Ottawa faces the prospect of having a public-health disaster on its hands as COVID-19 sweeps through a number of institutions in the federal prison system.
New figures supplied by Correctional Services Canada suggest that in the worst hit facilities, two out of every three prisoners tested have contracted the virus.
The stress of being sitting ducks is also ramping up tensions in some prisons.
“The whole jail is on the verge of a freak out. They’re not treating us well… It takes a toll on your mental health,” Dillan Cote, an inmate at Mission Institution in B.C., told my colleague, Justin Ling, in an interview.
Results across the federal system of 58 prisons indicate 177 of 533 inmates tested have contracted the virus. (The total federal prison population is around 14,000.)
But that number masks more severe outbreaks at facilities like Mission, where 60 inmates, of 85 tested, have the virus and one has died. To put that another way, 70 per cent of those tested are sick with COVID-19.

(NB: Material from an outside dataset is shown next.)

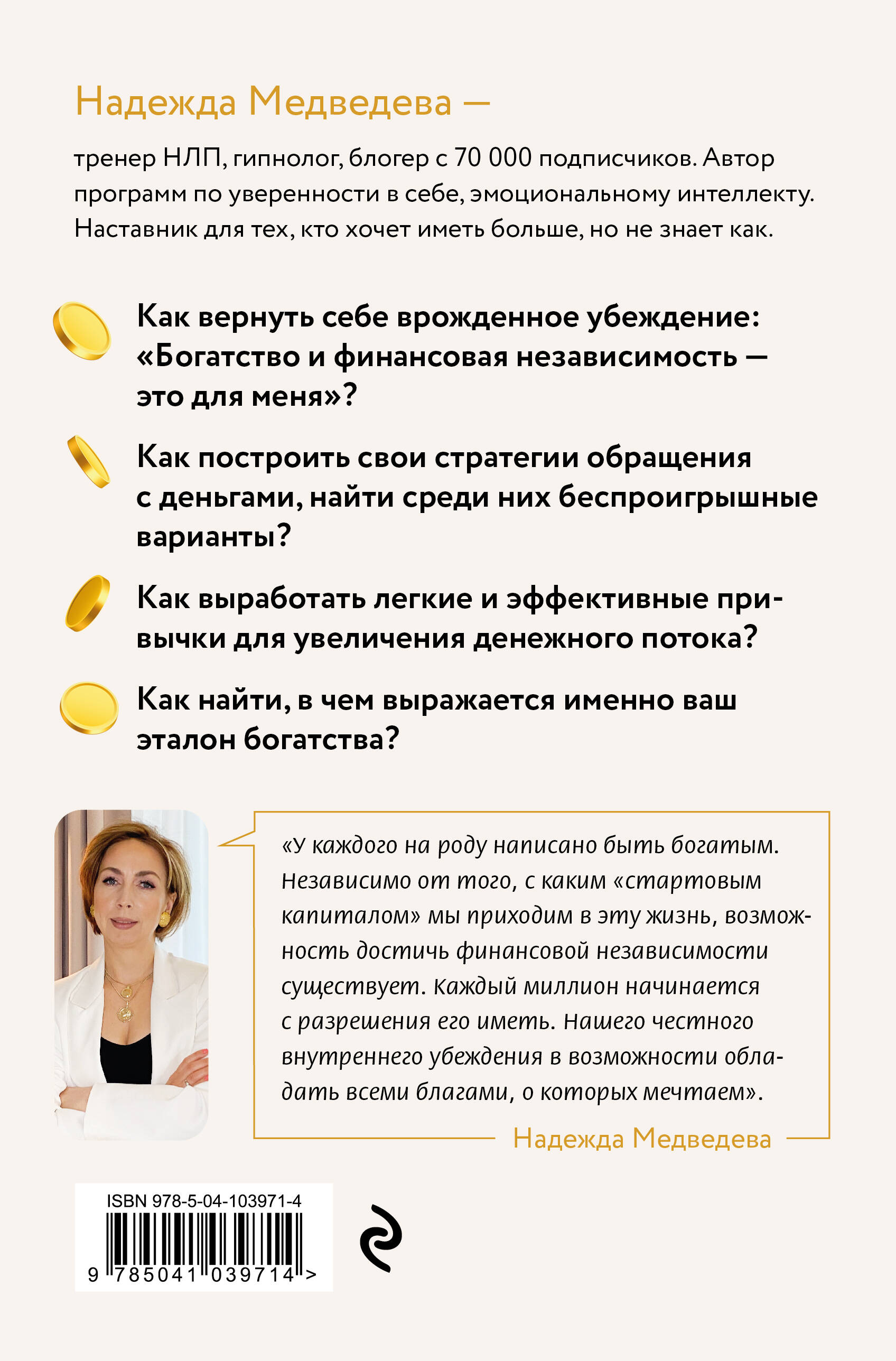 Эта книга для тех, кто хочет: - вернуть себе врожденное убеждение: «Богатство и финансовая независимость - это для меня»; - узнать свои стратегии обращения с деньгами, найти среди них устаревшие паттерны, пробовать новые варианты; - встроить легкие и эффективные привычки для увеличения денежного потока; - совместить деловую тактику в обращении с финансами с творческим, игровым подходом; - найти, в чем выражается именно ваш эталон богатства, будь то белоснежная яхта на причале, путешествия по миру или возможность заниматься любимым хобби, не думая о счетах за газ.| Издательство | ООО "Издательство "Эксмо" |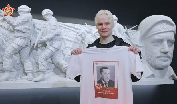 Певец принял участие в акции «Бессмертный полк», которая в этом году проходит в новых форматах. Портрет своего прадеда Shaman нанес на одежду.

The Port-Cartier facility in Quebec has tested just 19 inmates, yet 14 of those have been infected.
At the Joliette Institution for Women, northeast of Montreal, 51 of the 76 offenders tested have coronavirus. Positive tests are not limited to inmates: 34 staff at Joliette have been infected; 13 at Port Cartier; and nine at Mission Institution, according to the Union of Correctional Officers.
Eight federal offenders have been hospitalized — five in B.C. and three in Quebec.
Bill Blair, the federal public safety minister, has said the government is aware of the “unique vulnerabilities” facing correctional institutions. His office pointed to measures taken to mitigate the spread of the virus, including suspending visits and work releases and providing masks to staff and inmates at facilities where outbreaks have occurred. Prisoners who tested positive at Port Cartier and Joliette have been medically isolated.
“We continue to look at options to see what further measures can be taken,” said a statement issued by Blair’s office.
Perhaps the minister should talk to some inmates. They have plenty of ideas for “further options.”
Cote, who is serving a six-year sentence for robbery and motor vehicle theft in Mission Institution, told Ling he has asked for hand sanitizer but claims he was refused by one officer, who, Cote alleges, said “you guys will just drink it.”
Cote described a prison that was sluggish in its response to the threat of the virus and has been slapdash about introducing health and safety measures since it hit.
The first positive tests in federal prisons were announced at the end of March but Mission didn’t go into lockdown until April 3rd, Cote said.
Inmates haven’t had fresh air or exercise for 15 days, he claims. For the first week, they were kept in their cells, without access to showers.
He told Ling that one prisoner who tested positive continued to clean the unit where Cote is confined.
New figures suggest that in the worst hit facilities, two out of every three prisoners tested have contracted the virus
Guards who are meant to spray door-handles with disinfectant and change their gloves when passing out food containers are less careful than they could be, he said.
The stress is compounded by disruptions to the food supply. “We’re not getting fed properly,” Cote alleged. “The food is arriving cold and some days we get tiny portions, only enough to feed a little kid. It’s poor quality — worse than usual,” he said.
This combustible mix of fear and hunger has generated riots in prisons around the world since COVID hit and Canada is not immune.
“If they push it any further, I’m afraid people will go off. And if one or two or five go off, the whole jail will go off. We’ve had enough of what’s going on here,” Cote said.
Blair has asked the Correctional Services commissioner and the chair of the Parole Board to look at the early release of certain offenders.
In a press conference on Monday, he said “literally hundreds” of prisoners who do not pose a “significant” threat to the community have been released. He said 600 inmates are eligible for consideration for parole and the Parole Board has been working through that list.
Yet Cote said prisoners at Mission with less than six months to serve are still inside.
“My neighbour is worried he may die sitting in an institution when he is due out in six months. He said he feels like a sitting duck,” he said.
I put the Cote’s allegations to Corrections Canada Monday morning requesting a response. By Monday evening I had still not received one.
Whistleblowers inside the federal system deserve credit for pointing out the disconnect between the official rhetoric and the real world behind bars — a reality check that is not always well-received.
One inmate at the Joyceville facility in Ontario who reached out to Ling was warned by a correctional officer that there are repercussions for every action and the prisoner might want to think about that before raising flags.
But Canadians deserve to know the truth.
There have been moves to mitigate the spread of the disease in prisons but more could be done — a more vigorous de-incarceration plan, medical isolation in all affected facilities, and distribution of hand sanitizer, for example.
Regardless of their crimes, the state owes prisoners a duty of care.
They are expected to pay their debt to society by giving up their freedom, not their lives.